§ **Exercise brief**: Reproduce the listing word for word. Skip any image.

§ **Given data**:
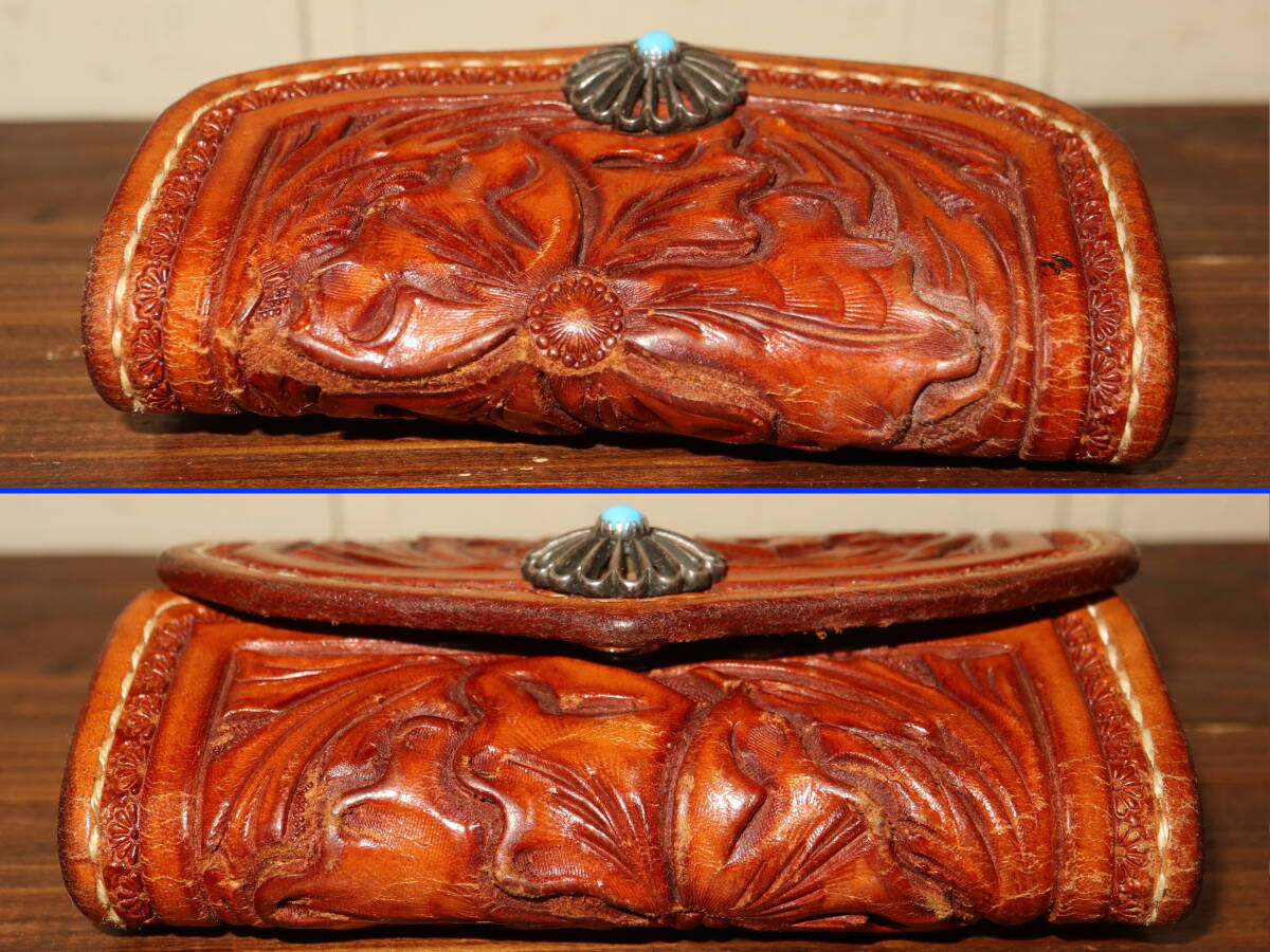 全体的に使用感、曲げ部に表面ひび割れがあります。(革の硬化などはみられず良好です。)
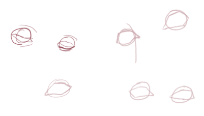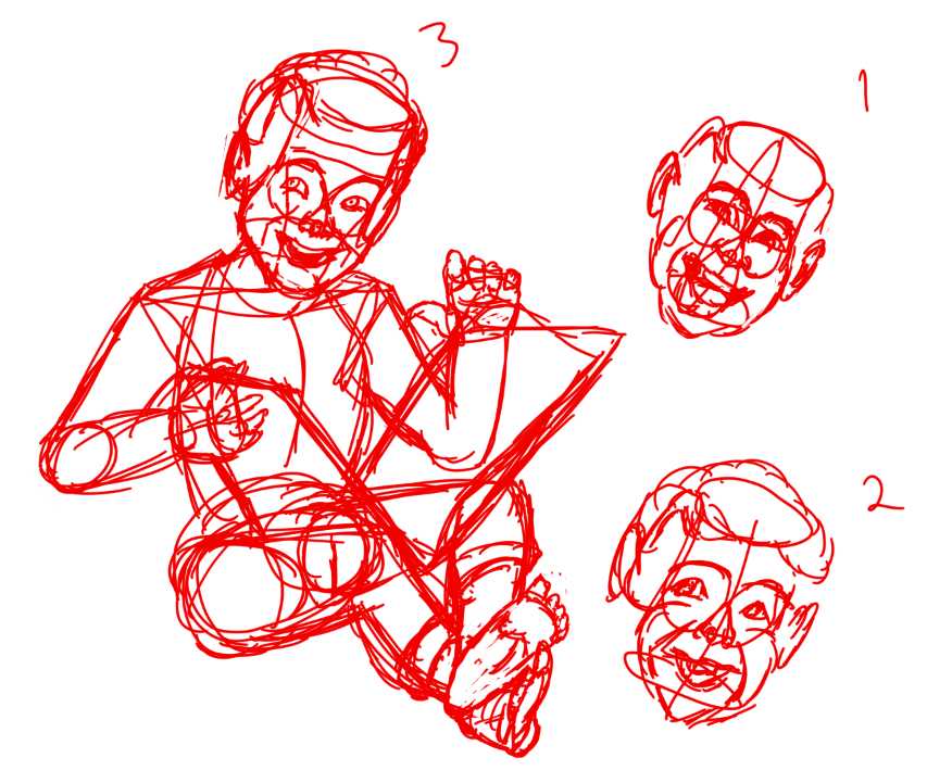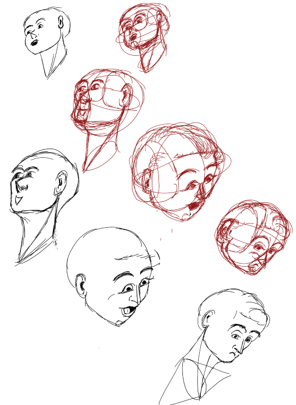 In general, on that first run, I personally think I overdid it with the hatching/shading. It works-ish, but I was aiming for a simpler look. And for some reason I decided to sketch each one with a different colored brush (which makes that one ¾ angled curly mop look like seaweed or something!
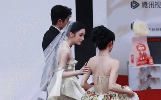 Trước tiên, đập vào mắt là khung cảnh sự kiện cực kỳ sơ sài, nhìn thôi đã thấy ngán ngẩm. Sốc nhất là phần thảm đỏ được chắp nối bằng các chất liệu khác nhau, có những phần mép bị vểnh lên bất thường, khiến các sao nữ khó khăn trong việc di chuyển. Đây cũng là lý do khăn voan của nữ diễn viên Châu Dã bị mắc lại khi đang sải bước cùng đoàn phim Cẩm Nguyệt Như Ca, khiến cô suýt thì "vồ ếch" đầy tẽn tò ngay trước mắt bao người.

§ **Reply to the exercise**:
 全体的に使用感、曲げ部に表面ひび割れがあります。(革の硬化などはみられず良好です。)
 In general, on that first run, I personally think I overdid it with the hatching/shading. It works-ish, but I was aiming for a simpler look. And for some reason I decided to sketch each one with a different colored brush (which makes that one ¾ angled curly mop look like seaweed or something!
 Trước tiên, đập vào mắt là khung cảnh sự kiện cực kỳ sơ sài, nhìn thôi đã thấy ngán ngẩm. Sốc nhất là phần thảm đỏ được chắp nối bằng các chất liệu khác nhau, có những phần mép bị vểnh lên bất thường, khiến các sao nữ khó khăn trong việc di chuyển. Đây cũng là lý do khăn voan của nữ diễn viên Châu Dã bị mắc lại khi đang sải bước cùng đoàn phim Cẩm Nguyệt Như Ca, khiến cô suýt thì "vồ ếch" đầy tẽn tò ngay trước mắt bao người.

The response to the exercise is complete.